Пытаясь как-то упорядочить эти мучившие его своей бессмысленностью обрывки воспоминаний, Михаил Созонтович попробовал вытащить из них какую-нибудь красную нить, но из этого ровным счетом ничего не вышло. Он не мог не только припомнить что-нибудь далекое, но даже и то, что было сегодня. Пил он утром чай или кофе, менял лезвие в бритве или нет. Огромный спасительный материк – вся его жизнь – был совсем рядом, но не было на нем ни одного кустика, ни единого уступа, которые бы помогли ему спастись.

Все эти красивые картинки, однако, мы, несомненно, придумали за Михаила Созонтовича. Сам он ничего такого не представлял. Какое-то усилие, правда, совершалось в нем, но это было, скорее всего, усилие вдоха. Голова кружилась, теснило грудь и капельки пота охладили лоб.
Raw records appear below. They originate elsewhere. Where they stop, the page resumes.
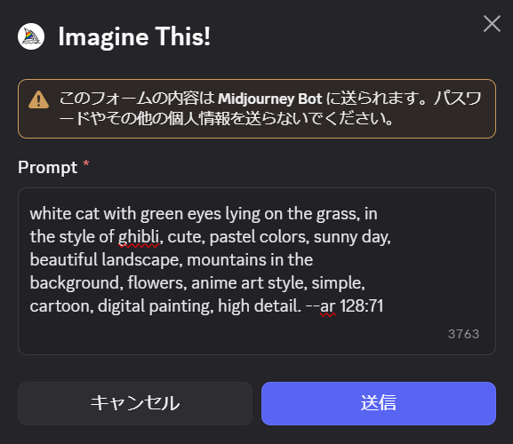 画像URLとテキストプロンプトの間は半角スペースで区切ってくださいね!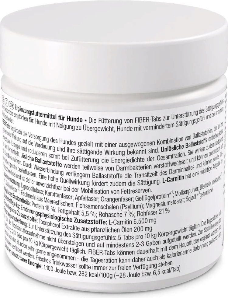 Diese ballaststoffreichen Fiber Tabs besitzen eine sättigende Wirkung und können die normale Verdauungsfunktion unterstützen. Sie eignen sich optimal für Hunde mit vermindertem Sättigungsgefühl, Neigung zu Übergewicht sowie bei erhöhtem Rohfaserbedarf.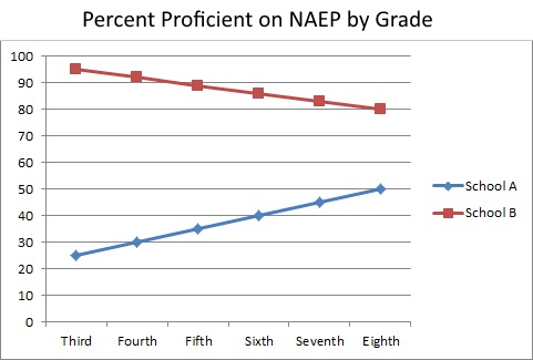 Trends are ignored as well. Which school is succeeding: School A where more students are proficient each year but overall proficiency remains low or School B where fewer students are proficient each year but overall proficiency is higher? Would comparing eighth grade scores of 50 for School A and 80 for School B give you a complete answer?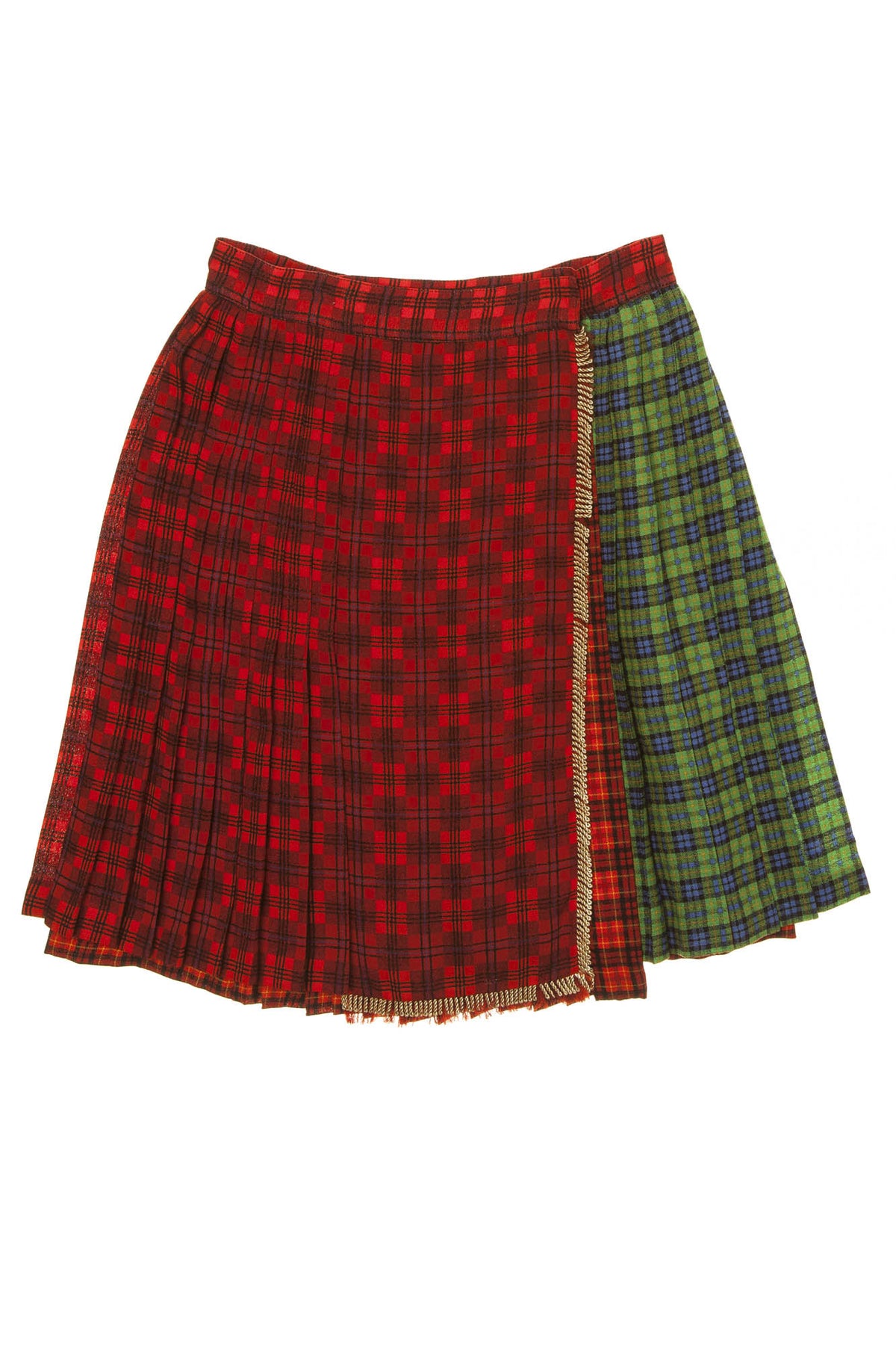 Gianni Versace Couture - Tartan Pleated Wool Blend Green and Red Plaid Skirt - IT 42

Налицо были все признаки состояния, предшествующего сердечному приступу, каковой вскоре с ним и случится. Однако все же не сейчас. Для этого требовалось еще подбавить жару, и невидимая рука с ковшиком была уже услужливо занесена, ибо…

В следующее мгновение взгляд Михаила Созонтовича встретился с агатовым глазом зависнувшей в воздухе косули. Перед ним была та самая картина, которую они писали с Мастером. Теперь он вспомнил, что в каталоге под тридцать вторым номером значилось неизвестное ему полотно. Там рядом с фамилией Мастера была приписка: «Совместно с учеником. Подпись нрзб». Выходит, этим таинственным НРЗБ и был Михаил Созонтович.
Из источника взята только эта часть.